> _WORK INSTRUCTION_
Every line with the word "sure" in it should be extracted from the data that follows.

> _MATERIAL FOR THIS TASK_
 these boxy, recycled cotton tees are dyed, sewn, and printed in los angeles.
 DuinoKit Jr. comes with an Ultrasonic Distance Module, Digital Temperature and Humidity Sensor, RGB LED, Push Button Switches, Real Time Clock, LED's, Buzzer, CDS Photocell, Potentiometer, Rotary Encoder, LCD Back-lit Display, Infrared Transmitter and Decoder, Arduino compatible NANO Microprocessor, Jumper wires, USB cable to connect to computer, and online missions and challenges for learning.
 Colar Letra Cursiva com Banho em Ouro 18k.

---

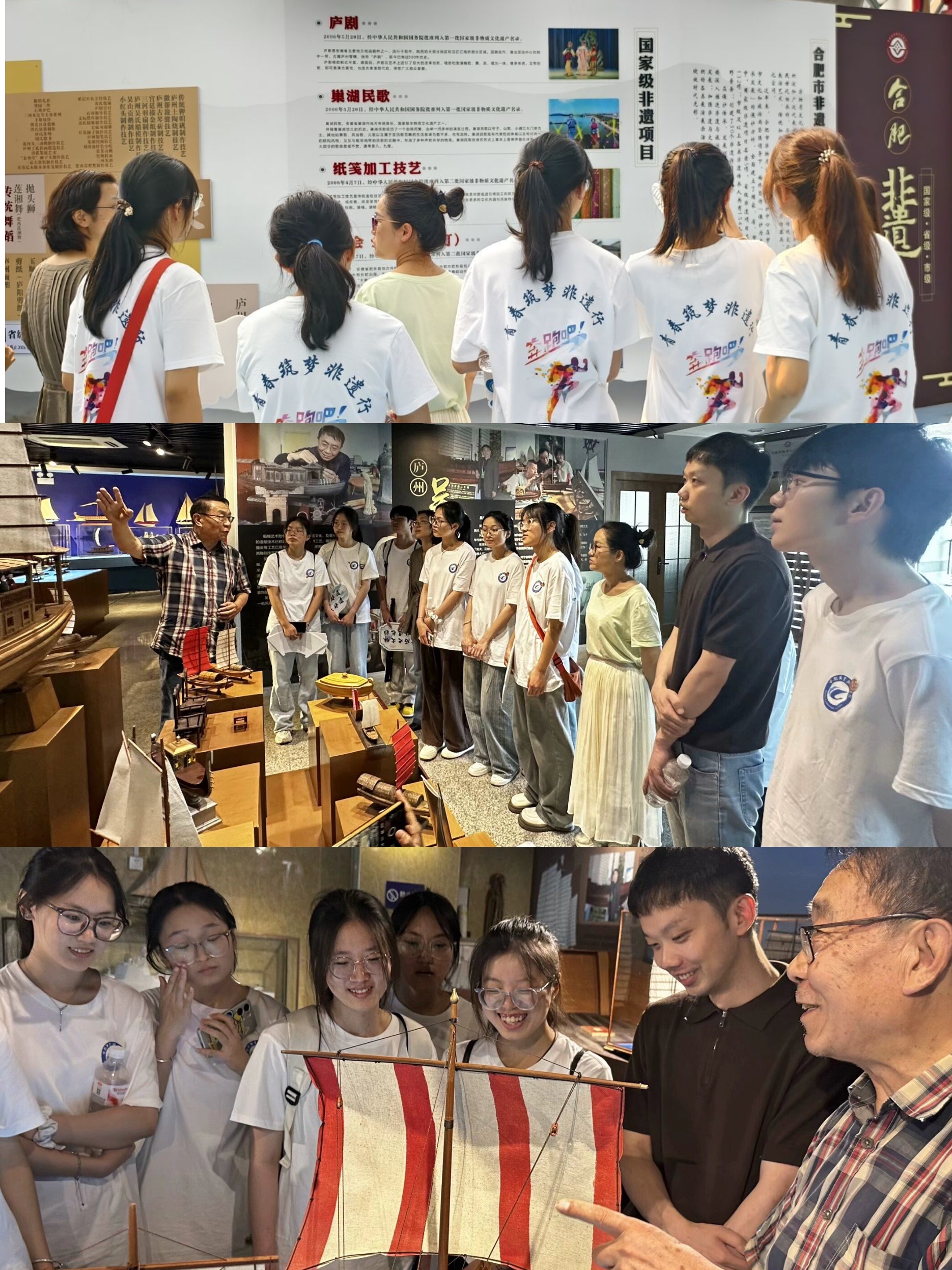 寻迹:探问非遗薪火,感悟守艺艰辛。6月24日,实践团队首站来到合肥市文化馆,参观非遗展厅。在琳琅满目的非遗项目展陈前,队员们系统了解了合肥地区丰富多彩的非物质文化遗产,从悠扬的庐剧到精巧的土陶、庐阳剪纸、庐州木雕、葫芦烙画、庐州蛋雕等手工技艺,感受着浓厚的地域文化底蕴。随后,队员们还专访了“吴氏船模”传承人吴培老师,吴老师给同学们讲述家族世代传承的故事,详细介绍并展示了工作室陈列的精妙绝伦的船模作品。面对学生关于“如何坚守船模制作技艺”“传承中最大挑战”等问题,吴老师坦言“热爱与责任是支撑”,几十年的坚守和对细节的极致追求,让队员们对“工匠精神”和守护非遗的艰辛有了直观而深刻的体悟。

---

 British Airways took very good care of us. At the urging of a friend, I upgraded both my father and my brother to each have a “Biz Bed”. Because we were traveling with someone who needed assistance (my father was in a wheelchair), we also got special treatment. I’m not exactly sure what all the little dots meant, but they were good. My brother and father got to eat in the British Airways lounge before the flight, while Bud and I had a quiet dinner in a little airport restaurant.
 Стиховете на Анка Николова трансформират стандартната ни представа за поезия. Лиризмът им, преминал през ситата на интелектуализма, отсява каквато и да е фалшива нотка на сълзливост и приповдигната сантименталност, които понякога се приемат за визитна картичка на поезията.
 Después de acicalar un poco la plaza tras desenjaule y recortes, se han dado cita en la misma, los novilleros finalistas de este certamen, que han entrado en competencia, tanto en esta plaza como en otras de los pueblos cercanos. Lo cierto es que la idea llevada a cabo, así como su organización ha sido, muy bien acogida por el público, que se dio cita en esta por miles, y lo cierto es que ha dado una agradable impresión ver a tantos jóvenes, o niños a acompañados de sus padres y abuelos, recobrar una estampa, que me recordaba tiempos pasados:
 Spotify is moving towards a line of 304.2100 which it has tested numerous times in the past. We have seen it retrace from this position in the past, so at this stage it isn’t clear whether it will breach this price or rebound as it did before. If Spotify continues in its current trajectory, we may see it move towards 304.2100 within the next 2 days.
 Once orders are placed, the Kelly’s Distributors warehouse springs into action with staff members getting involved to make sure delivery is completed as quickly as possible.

> _SOLUTION TO THIS PROBLEM_
 British Airways took very good care of us. At the urging of a friend, I upgraded both my father and my brother to each have a “Biz Bed”. Because we were traveling with someone who needed assistance (my father was in a wheelchair), we also got special treatment. I’m not exactly sure what all the little dots meant, but they were good. My brother and father got to eat in the British Airways lounge before the flight, while Bud and I had a quiet dinner in a little airport restaurant.
 Once orders are placed, the Kelly’s Distributors warehouse springs into action with staff members getting involved to make sure delivery is completed as quickly as possible.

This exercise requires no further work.